Eldorado/Estadão - A agropecuária tem salvo a lavoura da economia nacional. Em 2022 ficará mais difícil
Publicado em 20/08/2021
DivulgaçãoPlanejamento estratégico no agronegócio diminuiria a crise? Falta consciência de crise. Agosto de 2020 a Abras - Associação Brasileira de Supermercados apontava que não conseguiria mais repor pelos mesmos preços os estoques dos itens básicos como arroz, feijão, lácteos, óleo de soja.
Houve uma reunião com a Conab, na época, onde fui convidado a participar. O presidente da entidade à época era Guilherme Bastos que foi substituído semanas depois. Estava evidente que a crise mundial com a pandemia já assinalava alta nas commodities e nos alimentos. Tinha início a subida dos preços internacionais em dólar, e seus reflexos no mercado interno.

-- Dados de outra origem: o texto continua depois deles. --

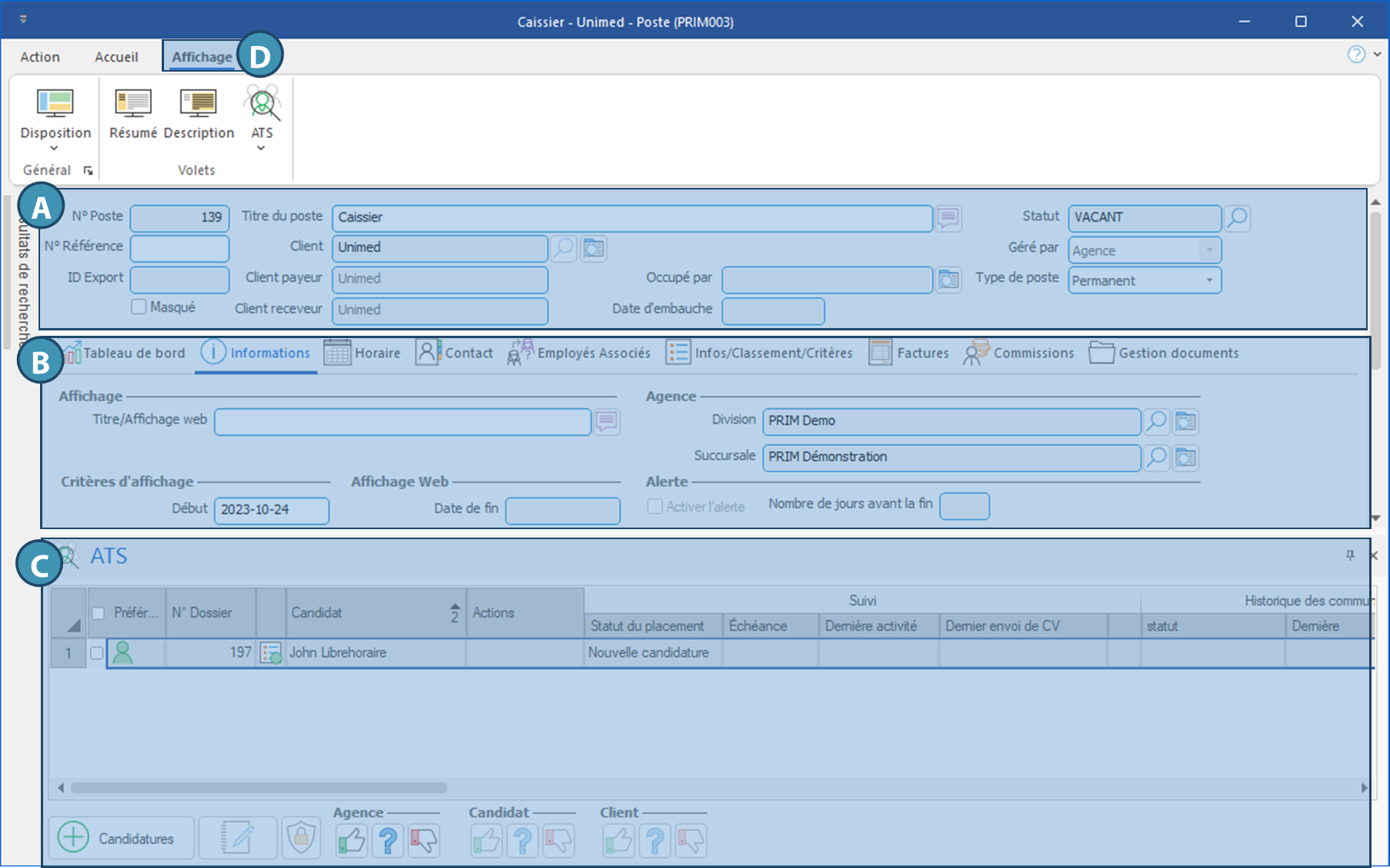 Le volet ATS (C) peut être affiché ou non par défaut dans la fenêtre Poste. Comme il s'agit d'un volet mobile, celui-ci peut s'afficher à différents endroit selon votre disposition, et il est possible de le fermer. Le cas échéant, il sera possible de l'afficher de nouveau à partir du ruban Affichage. Celui-ci permet d'effectuer le suivi des candidatures et d'affecter un candidat.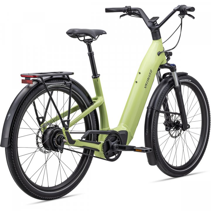 Ausgestattet mit Specialized DRYTECH Schutzblechen, LED Front- und Rücklicht und HD Gepäckträger mit bis zu 27kg Zulademöglichkeit. Der Gepäckträger ist kompatibel mit Kindersitzen und passenden Anhängern.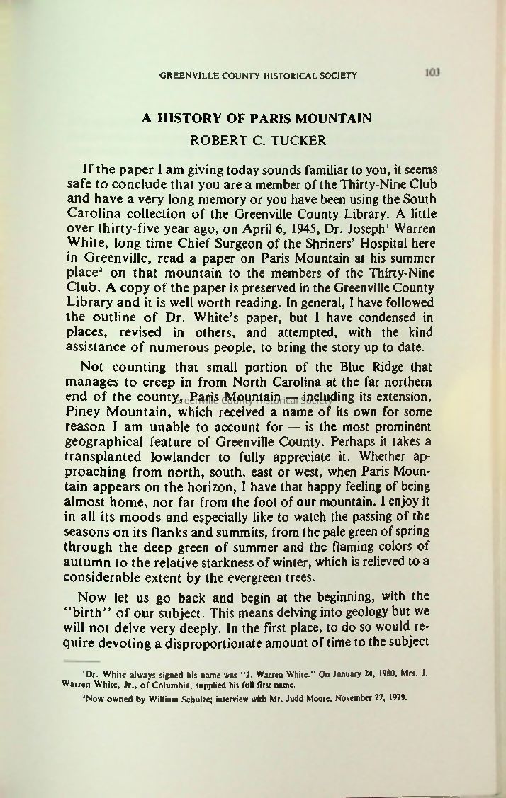 Robert C. Tucker’s paper explores the rich natural and human history of Paris Mountain, the most prominent geographic feature in Greenville County. Formed during the Ordovician period, the mountain served as a water source, recreational retreat, and residential area. It was home to notable figures like Waddy Thompson Jr., and the site of early development efforts including the Altamont Hotel. Paris Mountain State Park, created from former water system lands, preserves much of the area’s flora, fauna, and historical remnants. Once viewed as a remote obstacle, the mountain now stands as a valued natural, recreational, and historical asset to Greenville.Collection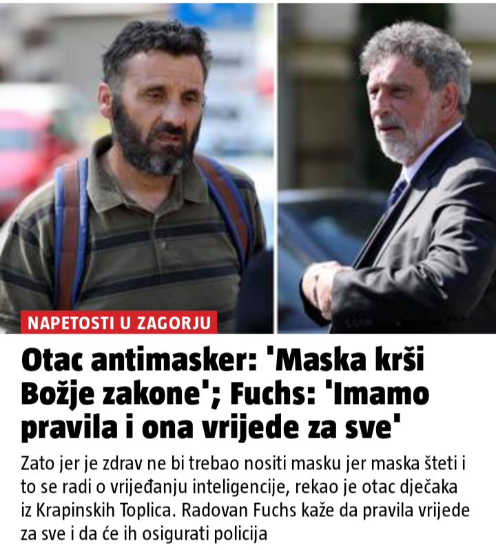 Za to vrijeme veterinar Fuchs radi strašno omalovažavanje roditelja koji hrane i odgajaju svoju djecu u Krapinskim toplicama. Roditeljima prijeti policijom, hadezenjara koja je na čelu škole potpomognut sa sdepenjarom na županijskom nivou prijeti roditeljima koji ne puštaju djecu u školu sa maskom ili ne žele da djeca nosi masku.

Para piorar tudo, objetivávamos atingir uma safra potencial 2020/21 de mais de 270 milhões de toneladas de grãos, e pela última estimativa da própria Conab deveremos ter no máximo 254 milhões. Uma queda mínima de 16 milhões de toneladas. E para entortar ainda mais o cenário, assistimos crise climática no ano passado e as piores geadas dos últimos 50 anos neste ano. Da mesma forma neste momento quebra da safra de soja na Argentina, com estoques baixos no Brasil e no mundo.
Passamos a importar milho que neste segundo trimestre teve o preço elevado em 11,9% em dólar perante o primeiro trimestre do ano, e na comparação do primeiro semestre de 2021 versus o primeiro semestre de 2020, o milho subiu em real 77%. Outros produtos no mesmo período subiram soja 78%, trigo 40%, algodão 75%, arroz 55%. Em dólar o boi gordo subiu 11,3% na comparação do semestre deste ano com ano passado, o porco subiu 65,3% e o frango 24,2%. E para os produtores de proteína animal os custos de soja e milho implicam em graves prejuízos.
Recebi do Sindicato das Indústrias Frigoríficas do estado do Mato Grosso uma nota assinada pelo seu presidente, Paulo Bellincanta, que os frigoríficos podem fechar em Mato Grosso, o que é estranho e curios , pois o Mato Grosso é o maior rebanho do país e o maior estado do mundo produtor de carne e grãos.
Creditam o drama aos preços da arroba do boi, o que levou o preço a subir no mercado interno, com economia ruim e o consumo caiu. Conversei com outras lideranças do estado que me disseram: “os frigoríficos que não exportam e ficam restritos ao mercado interno estão sofrendo com a escassez do boi, com o preço caro e o consumo interno horrível”. Também ouvi: “os grandes frigoríficos que têm operação na China estão muito satisfeitos e limpam o mercado interno para exportar. Os pequenos sofrem. A má gestão é grande e ainda veio a seca, geada é um ciclo pecuário de abate forte de fêmeas até 2019. Mas isso é sazonalidade”.
Então o risco 2022 vem grave. Uma safra menor do ano que fecha agora. Custos elevadíssimos de insumos e ainda uma perspectiva não boa de resultados para a próxima safra 2021/22 , sob o ponto de vista da produção. O professor Afonso Celso Pastore em entrevista ao Estadão (19/8 - B3) afirma que “acabou a euforia. A perspectiva para 2022 é muito ruim e reúne pontos como a inflação acelerada, taxa de juros crescente, impossibilidade do governo gastar mais, câmbio elevado”.
O crescimento do PIB do país repõe o que foi perdido em 2020, e acrescentaria muito pouco. Dessa forma , ao longo da década passada, enquanto a agropecuária brasileira crescia 32,5% em 10 anos, o PIB do Brasil cresceu somente 2,7% no acumulado de 10 anos. A agropecuária ainda salvou a lavoura, mas em 2022 se o país não ajudar, a dificuldade vai apertar. Um planejamento estratégico do agro, que significa 1/3 do PIB brasileiro e tem demanda mundial, gerando renda e empregos, precisaria ser feito com urgência.
Antes tarde do que nunca. Não é responsabilidade do Ministério da Agricultura somente. Envolve todos os ministérios e a sociedade civil organizada. Para isso precisa ter consciência de crise. Muito mais pão, grão, alimentação do que foco na eleição.
José Luiz Tejon para a Eldorado/Estadão.